An overnight index swap (OIS) is an over-the-counter* derivative in which two parties agree to exchange, or swap, for an agreed period, a fixed interest rate determined at the time of the trade for a floating rate** that will vary over time.
Market participants predominantly use the OIS market for hedging activities, which are often related to risk management. Specifically, participants can use the OIS to hedge either their funding costs or their exposure to short-term interest rate movements.
The OIS market can also be used to alter the term structure of a portfolio or for taking a speculative position on the future path of the Bank of Canada’s target overnight rate. (Overnight index swaps provide a gauge of what the overnight rate is expected to average over a given period.)
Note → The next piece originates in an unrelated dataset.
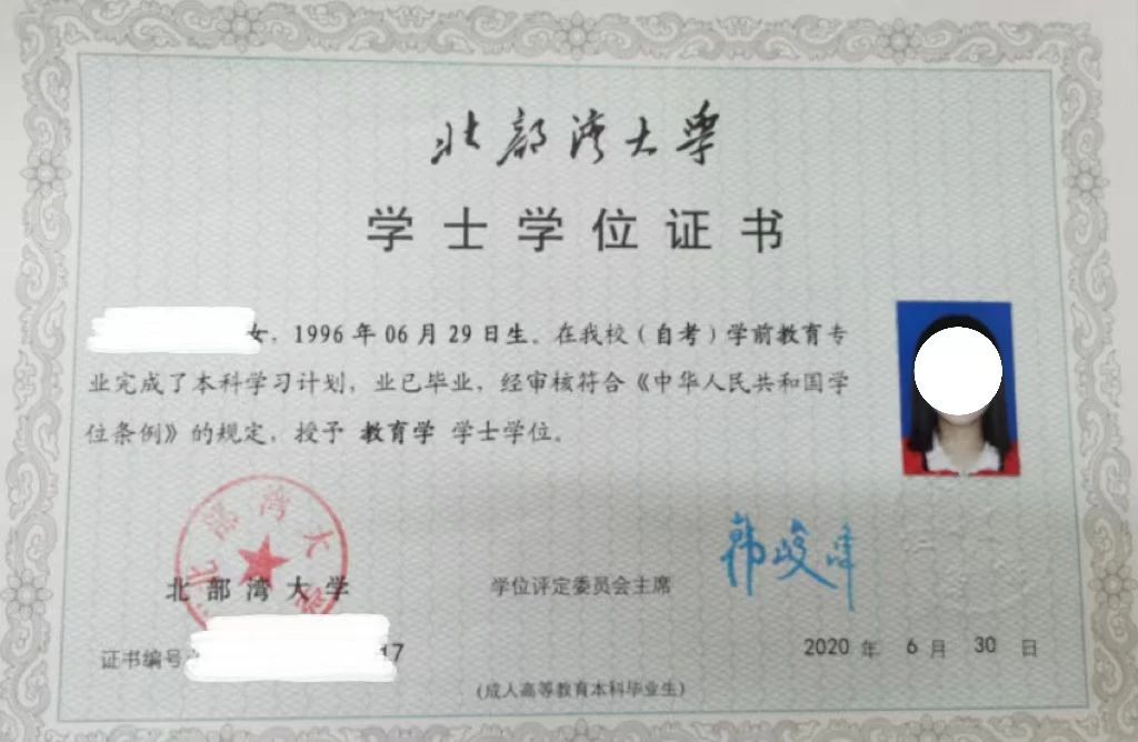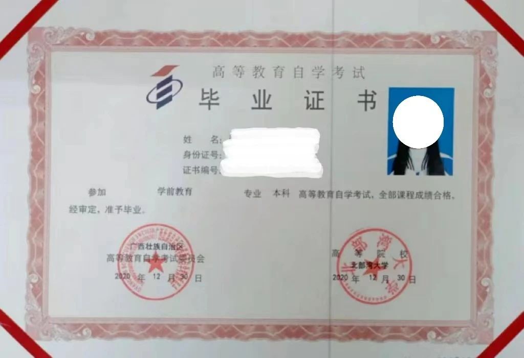 1.學生在校內就讀期間通過專本銜接專業(yè)計劃規(guī)定的全部課程,通過畢業(yè)論文答辯,可于專科畢業(yè)當年5月或11月向我校申請辦理自考本科畢業(yè)證。頒發(fā)國家高等教育自學考試本科文憑(文憑由國家教育部印制、廣西自考委和北部灣大學共同簽章,文憑上學信網注冊)國家承認其學歷,并實行電子注冊,與普通高校本科文憑具有同等效力。證書樣式如下:

Related to the speculative and hedging functions of the OIS, the fixed-rate portion is also used by some market participants to derive market expectations of the Bank’s future policy rate changes. If the duration of the swap extends over a Bank of Canadainterest rate meeting, for example, the difference between the fixed rate and the current overnight rate can be used to calculate the market expectations of a future change in policy rates.
The OIS has several advantages over other money market instruments in calculating expectations. Unlike other financial instruments, it is directly linked to the Canadian overnight rate. Furthermore, given that they are derivatives instruments, the supply of OIS contracts is not fixed. Supply factors can occasionally influence the pricing of other instruments, such as bankers’ acceptances (BAs).
The use of the OIS market to gauge expectations also presents some challenges. At times there is a lack of price information or market depth in the OIS market, particularly in farther-dated contracts. Moreover, if the CORRA rate were expected to deviate from the overnight target, gauging expectations of future interest rates would become more difficult.